The latest CHIRPS data can be accessed from different sources. This includes a University of California at Santa Barbara (UCSB) research group’s website, which we used, as well as platforms such as Google Earth Engine. The latter resource provides for near real-time updates on any changes made on the dataset with easy API requests but requires a Java connection. The raw data can be manipulated in different ways to yield a definition of interest. Above all, some initial descriptive-analytic cJPNE visualizations of the data serve to provide comfort to both the end-users and data scientists that data access has been achieved and to provide a reality check for initial results.

For the initial data access and wrangling exercise, we sought to understand which of our 106 stroke facilities was exposed to the highest monthly rainfall level in a recent month. To illustrate the use of this geospatial layer, we first extracted all the 11,204 latest monthly values within Vietnam’s boundaries for Oct 2021 at the time of writing (covering the country’s area of over 330 thousand km2).

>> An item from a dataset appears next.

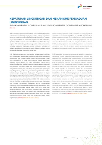 PT Pertamina Hulu Energi %u2022 Sustainability Report 179PHE Subholding Upstream berkomitmen penuh terhadap kepatuhan pada semua regulasi lingkungan yang berlaku, sebagai bagian dari tanggung jawab terhadap pelestarian lingkungan hidup. Sebagai wujud dari komitmen ini, selama tahun pelaporan PHE Subholding Upstream tidak menerima sanksi terkait ketidakpatuhan terhadap regulasi. PHE Subholding Upstream juga selalu melakukan asesmen terhadap kepatuhan lingkungan setiap melakukan pekerjaan di wilayah operasional. Kepatuhan tersebut dilakukan evaluasi secara berkala dan dilakukan monitoring setiap saat.PHE Subholding Upstream memastikan bahwa seluruh aktivitas dan proyek yang dilaksanakan melibatkan partisipasi pemangku kepentingan baik secara internal maupun eksternal sejak tahap awal. Keterlibatan ini tidak hanya sebagai bentuk kepatuhan terhadap regulasi, tetapi juga untuk memastikan bahwa semua kegiatan operasional berjalan harmonis dengan kepentingan dan kesejahteraan masyarakat lokal. PHE Subholding Upstream juga menyediakan akses yang luas bagi masyarakat dan pemangku kepentingan lainnya untuk menyampaikan pengaduan atau keluhan terkait dengan pengelolaan lingkungan. Pengaduan ini dapat disampaikan langsung ke Kantor Pusat PHE Subholding Upstream di Jakarta atau ke kantor operasional anak perusahaan di wilayah kerja masing-masing. Selama tahun 2023, PHE tidak menerima keluhan signifikan yang berkaitan dengan pencemaran lingkungan atau masalah pengelolaan lingkungan lainnya, menunjukkan efektivitas sistem pengelolaan lingkungan dan komunikasi yang baik dengan masyarakat sekitar. Pada tahun 2023 juga tidak terdapat pekerjaan PHE Subholding Upstream yang mengalami penundaan akibat alasan non-teknis, yang menegaskan bahwa perusahaan beroperasi dengan tanggung jawab tinggi dan telah mempertimbangkan aspek sosial dan lingkungan dalam setiap kegiatannya. [OJK F.16][SASB EM-EP-210b.1, 210b.2]PHE Subholding Upstream is fully committed to complying with all applicable environmental regulations, as part of its responsibility to preserve the environment. As a manifestation of this commitment, during the reporting year PHE Subholding Upstream was not imposed with sanctions due to non-compliance with regulations. PHE Subholding Upstream also constantly assesses environmental compliance every time it conducts work in an operational area. Compliance is evaluated regularly and monitored at any time.PHE Subholding Upstream ensures that all activities and projects carried out involve stakeholder participation both internally and externally from the initial stage. This involvement is not only a form of compliance with regulations, but it is also intended to ensure that all operational activities run in harmony with the interests and welfare of local communities. PHE Subholding Upstream also provides broad access for communities and other stakeholders to submit reports or complaints related to environmental management. Such complaints can be submitted directly to the Head Office of PHE Subholding Upstream in Jakarta or to the operational offices of subsidiaries in their respective work areas. During 2023, PHE received no significant complaints relating to environmental pollution or other environmental management issues, which demonstrates the effectiveness of our environmental management system and adequate communication with surrounding communities. In 2023, no PHE Subholding Upstream work has been delayed due to non-technical reasons, which confirms that the company has been operating with a high level of responsibility and has considered social and environmental aspects in each of its activities. [OJK F.16][SASB EM-EP-210b.1, 210b.2]KEPATUHAN LINGKUNGAN DAN MEKANISME PENGADUAN LINGKUNGANENVIRONMENTAL COMPLIANCE AND ENVIRONMENTAL COMPLAINT MECHANISM[OJK F.16]

The footprint of facilities can be larger, but data is available on a point basis. Therefore we matched these facility points to the precipitation grids. We created a grid of these values and intersected each of the values for each facility in that grid. After gathering the list of matched pairs, one can use different aggregation functions (summation, maximization, etc.) to find the value for the matching pair.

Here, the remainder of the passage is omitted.